* [What to work on]:
Exact transcription, pictures omitted: reproduce the listing below.

── Supplied information ──

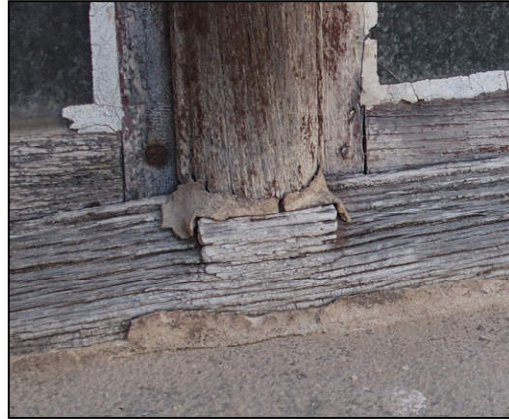
Fig. 9.2. Pièce d'appui (I)
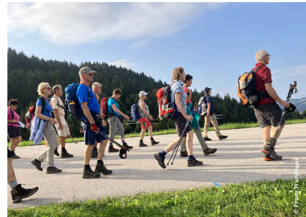
Die Gemeinschaft, die wunderbaren Landschaften und das spirituelle Erlebnis sind Entschädigung für die körperlichen Herausforderungen, die täglich bewältigt werden.

Die tägliche Wanderstrecke beträgt rund 30 km. Die Übernachtungen und Abendessen sind in Gasthöfen geplant. Der Gepäcktransport erfolgt durch ein Begleitfahrzeug, die Rückreise per Bus. Information und Anmeldung: domlinz@aon.at, 0664 4536853 oder im Pfarrbüro bis Mitte Mai 2026.
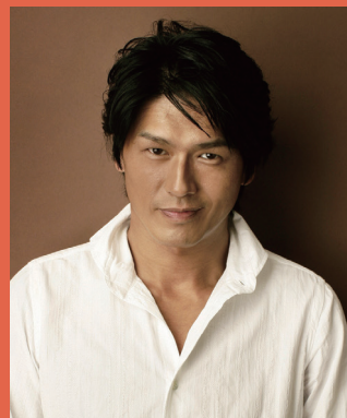
ゲスト出演者 高橋 克典 氏

───

* [Written response]:
Fig. 9.2. Pièce d'appui (I)
Die Gemeinschaft, die wunderbaren Landschaften und das spirituelle Erlebnis sind Entschädigung für die körperlichen Herausforderungen, die täglich bewältigt werden.

Die tägliche Wanderstrecke beträgt rund 30 km. Die Übernachtungen und Abendessen sind in Gasthöfen geplant. Der Gepäcktransport erfolgt durch ein Begleitfahrzeug, die Rückreise per Bus. Information und Anmeldung: domlinz@aon.at, 0664 4536853 oder im Pfarrbüro bis Mitte Mai 2026.
ゲスト出演者 高橋 克典 氏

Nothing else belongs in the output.